A faithful copy is required. Print each line of the data exactly and omit the pictures.

• **The data**:
--- START ---

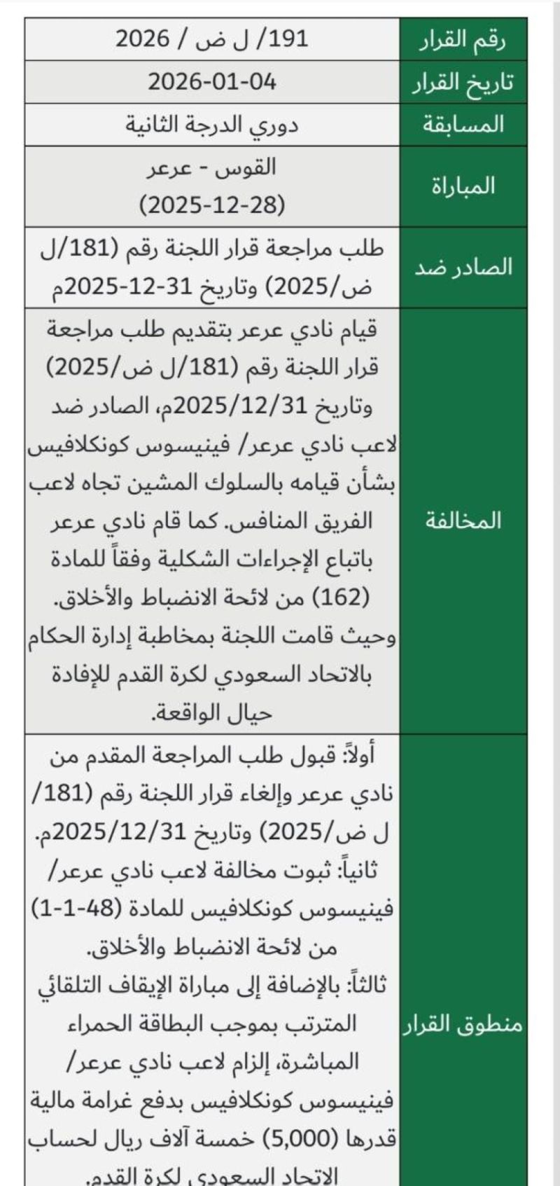 أولاً: قبول طلب المراجعة المقدم من نادي عرعر وإلغاء قرار اللجنة رقم (181/ل ض/2025) وتاريخ 2025/12/31م.ثانياً: ثبوت مخالفة لاعب نادي عرعر فينيسوس كونكلافيس للمادة (48-1-1) من لائحة الانضباط والأخلاق.
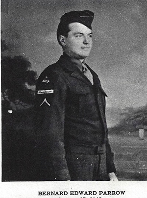Bernard Edward Parrow Entered Service: February 17, 1945. Branch of Service: Armored. Trained at Camp Maxey, Texas. Overseas: August 11, 1945. Theatre of Operation: Asiatic-Pacific. Medals Earned: Victory Medal, Occupation Medal Japan, Good Conduct Medal. Returned to U.S.: October 27, 1946. Discharged: December 13, 1946, Fort Sheridan, Illinois. Rank: Private First Class. Total Months in Service: Twenty-one months, 27 days. Duties of Guard Patrolman and Truck Driver.
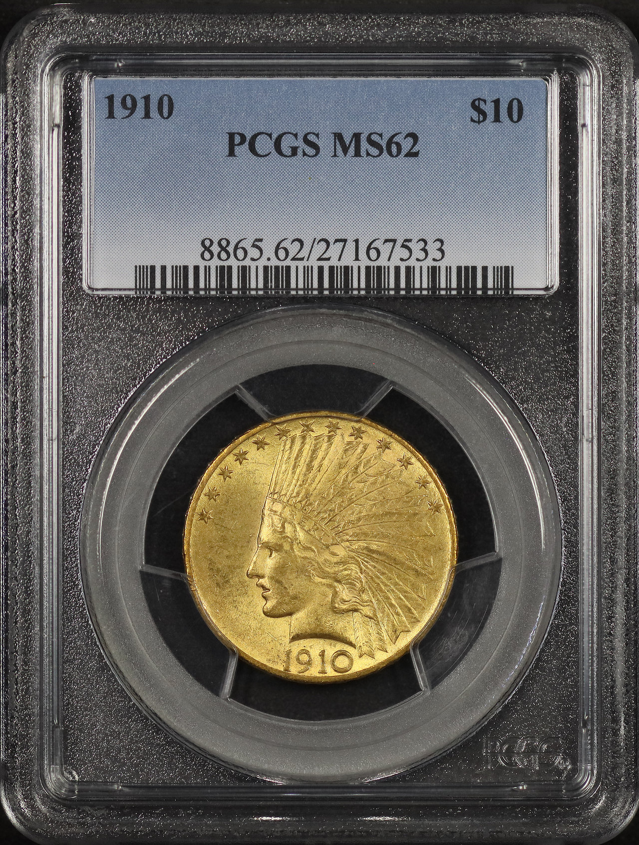 1910 Indian $10 Motto PCGS MS-62 designed by Augustus Saint Gaudens.
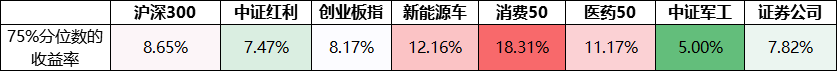 对于消费、医药这类成长性行业来说,定投的收益中位数处在7%-8%的区间,如果客官们定投的是这类行业,那么可以考虑将止盈点提高为年化收益率15%左右。

--- END ---

• **Solution to this exercise**:
 أولاً: قبول طلب المراجعة المقدم من نادي عرعر وإلغاء قرار اللجنة رقم (181/ل ض/2025) وتاريخ 2025/12/31م.ثانياً: ثبوت مخالفة لاعب نادي عرعر فينيسوس كونكلافيس للمادة (48-1-1) من لائحة الانضباط والأخلاق.
Bernard Edward Parrow Entered Service: February 17, 1945. Branch of Service: Armored. Trained at Camp Maxey, Texas. Overseas: August 11, 1945. Theatre of Operation: Asiatic-Pacific. Medals Earned: Victory Medal, Occupation Medal Japan, Good Conduct Medal. Returned to U.S.: October 27, 1946. Discharged: December 13, 1946, Fort Sheridan, Illinois. Rank: Private First Class. Total Months in Service: Twenty-one months, 27 days. Duties of Guard Patrolman and Truck Driver.
 1910 Indian $10 Motto PCGS MS-62 designed by Augustus Saint Gaudens.
 对于消费、医药这类成长性行业来说,定投的收益中位数处在7%-8%的区间,如果客官们定投的是这类行业,那么可以考虑将止盈点提高为年化收益率15%左右。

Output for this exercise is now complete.